* YOUR INSTRUCTIONS
When you reach a picture, pass over it; otherwise repeat the listing word for word.

* RECORDED INFORMATION

--- START ---

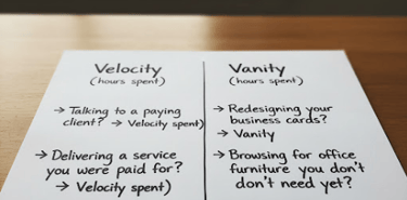 Most entrepreneurs are trapped by Vanity Activities—work that makes them feel productive but doesn’t generate cash. The way out is to shift your focus to Velocity Activities—work that directly and quickly puts money in your pocket.
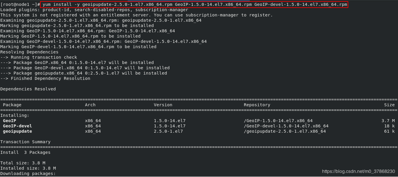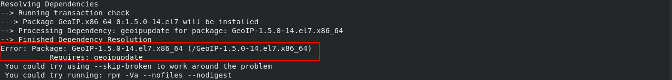 yum install -y geoipupdate-2.5.0-1.el7.x86_64.rpm GeoIP-1.5.0-14.el7.x86_64.rpm GeoIP-devel-1.5.0-14.el7.x86_64.rpm
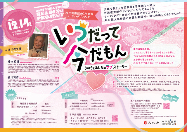 詩人・谷川俊太郎の戯曲『いつだって今だもん-きのうとあしたのラブストーリー』を、公募で集まった出演者・音楽隊と一緒に、リーディングと音楽の生演奏で上演する。演出は茨城県ひたちなか市出身の演出家・橋本昭博。音楽は谷川賢作。

--- END ---

* FINAL ANSWER
 Most entrepreneurs are trapped by Vanity Activities—work that makes them feel productive but doesn’t generate cash. The way out is to shift your focus to Velocity Activities—work that directly and quickly puts money in your pocket.
 yum install -y geoipupdate-2.5.0-1.el7.x86_64.rpm GeoIP-1.5.0-14.el7.x86_64.rpm GeoIP-devel-1.5.0-14.el7.x86_64.rpm
 詩人・谷川俊太郎の戯曲『いつだって今だもん-きのうとあしたのラブストーリー』を、公募で集まった出演者・音楽隊と一緒に、リーディングと音楽の生演奏で上演する。演出は茨城県ひたちなか市出身の演出家・橋本昭博。音楽は谷川賢作。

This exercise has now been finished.